### EXERCISE OBJECTIVE
The answer must consist only of the lines in the records below from the line with "For this I used" to the line with "A first-floor primary", both included, copied word for word with every picture left out.

STUDY MATERIAL below:

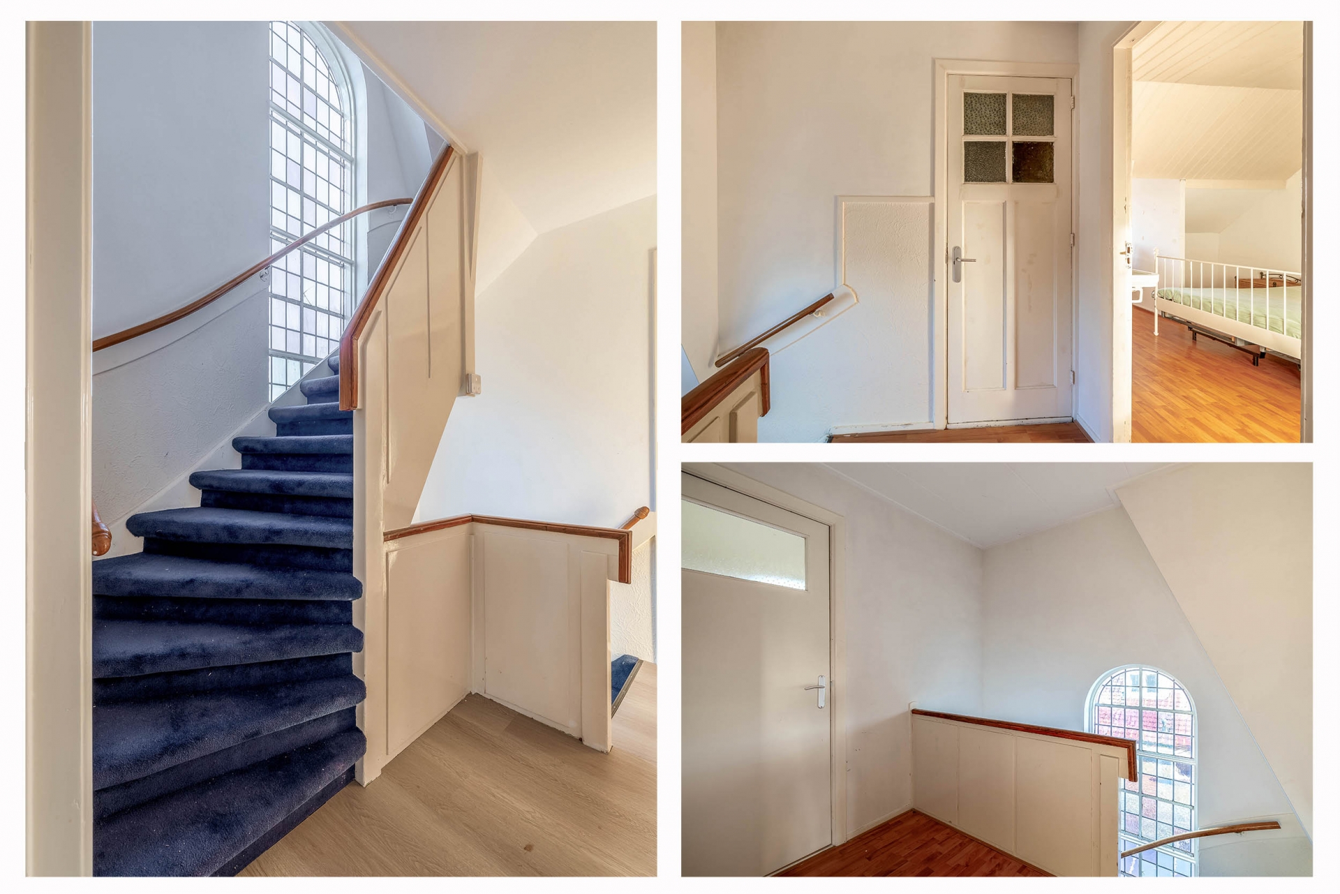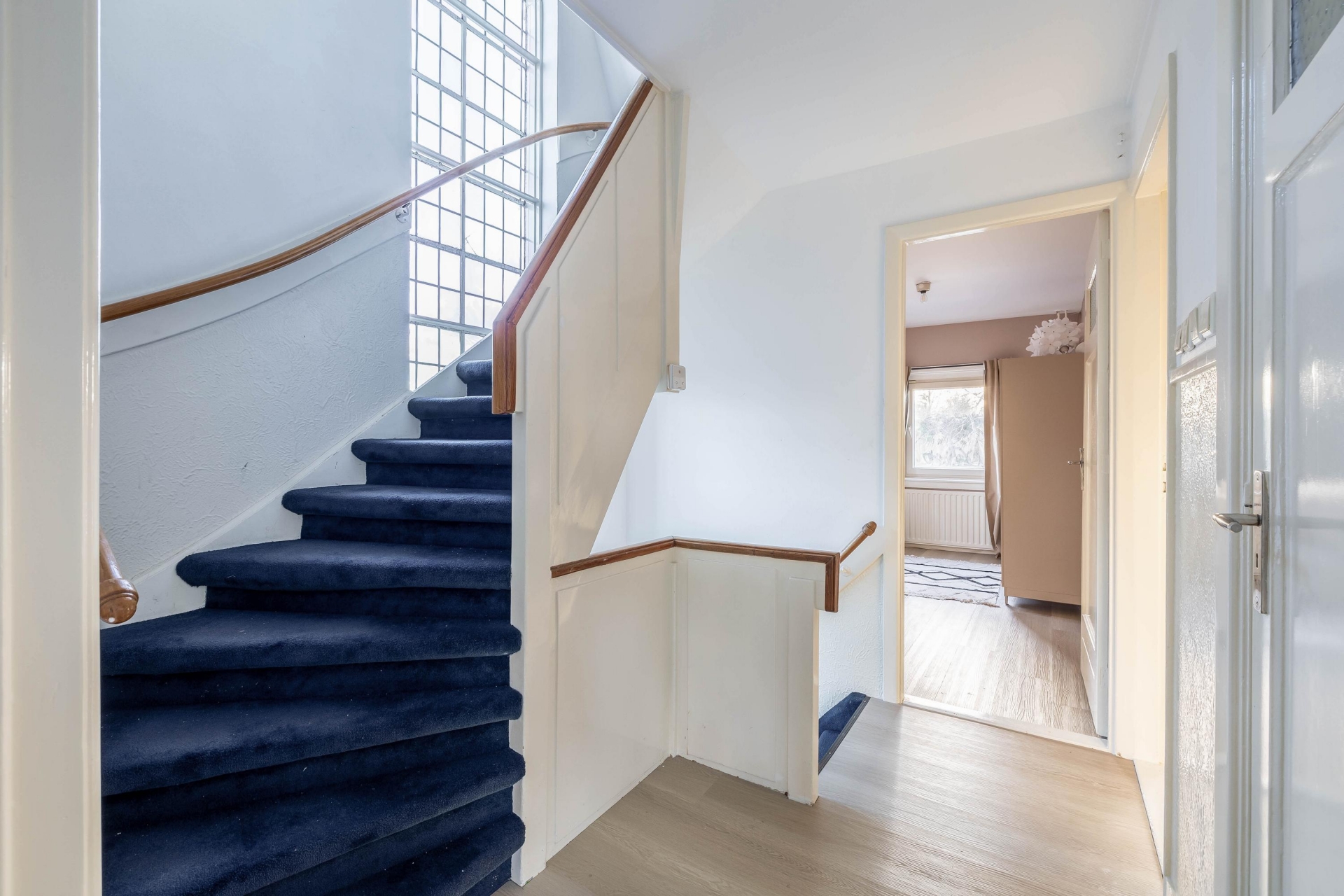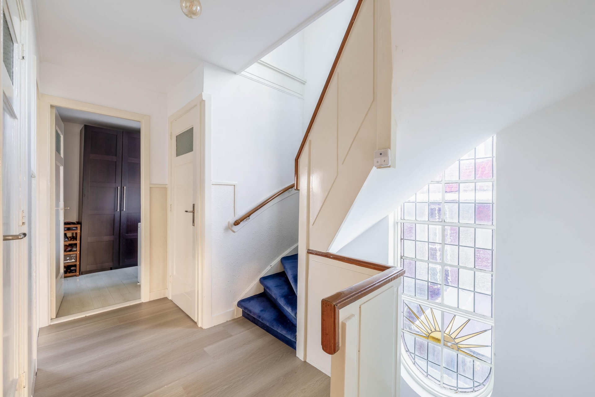 De badkamer is praktisch ingericht met een inloopdouche en wastafel, en er zijn in totaal drie toiletten in de woning. Op de eerste verdieping vind je ook nog een aparte wasruimte, zodat de huishoudelijke taken vlot verlopen. Leuk detail: het prachtige glas-in-loodraam in het trappenhuis geeft het huis extra charme.
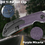 ✔Blackwash Titanium + Purple Micarta handle for a smooth gripping surface that is comfortable in the pocket or hand.
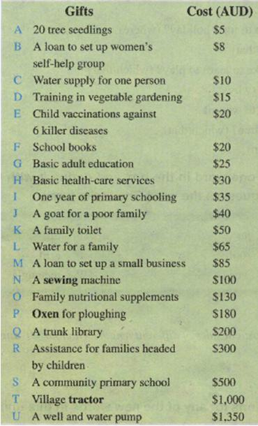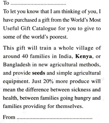 Would you like to donate an unusual gift? Then this is the catalogue1 for you. The gift you give is not something your loved one keeps but a voluntary contribution towards the lives of people who really need it. Choose from this catalogue a really useful gift for some of the world's poorest and bring hope for a better future to a community in need.
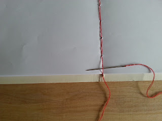 For this I used 2 metallic curtains and 2 net curtains. Using glitter card and different punches, I punched out shapes in different colours and then stitched them together on the sewing machine. I took a piece of wire the width of the metallic curtains and threaded it through the top of the net curtains. I hot glued the metallic curtains and strips of glittery shapes to the top of the net curtain. I put a couple of hooks on the wall and wound the end of the wire around the hooks.
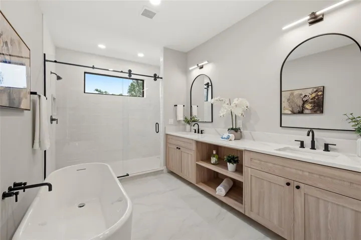 A first-floor primary suite feels like a private retreat with a spa-inspired bath, freestanding tub, oversized walk-in shower, dual vanities, and a boutique-style custom closet with LED lighting. An additional primary suite upstairs features an oversized room, walk in closet and dreamy bathroom with dual shower heads. The home also features custom millwork throughout and a sleek wet bar with built-in wine refrigeration—perfect for entertaining.
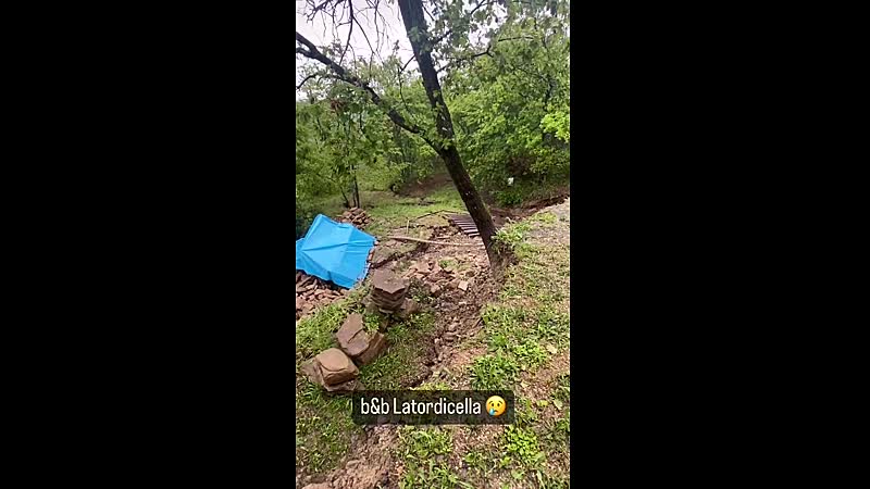Na veel regen rondom de Italiaanse plaats Castel del Rio eerder dit jaar ontstond er een gigantische aardverschuiving waarna de halve B&B "Latordicella" meters naar beneden schoof.

End of STUDY MATERIAL.

### RESPONSE TO THIS TASK
 For this I used 2 metallic curtains and 2 net curtains. Using glitter card and different punches, I punched out shapes in different colours and then stitched them together on the sewing machine. I took a piece of wire the width of the metallic curtains and threaded it through the top of the net curtains. I hot glued the metallic curtains and strips of glittery shapes to the top of the net curtain. I put a couple of hooks on the wall and wound the end of the wire around the hooks.
 A first-floor primary suite feels like a private retreat with a spa-inspired bath, freestanding tub, oversized walk-in shower, dual vanities, and a boutique-style custom closet with LED lighting. An additional primary suite upstairs features an oversized room, walk in closet and dreamy bathroom with dual shower heads. The home also features custom millwork throughout and a sleek wet bar with built-in wine refrigeration—perfect for entertaining.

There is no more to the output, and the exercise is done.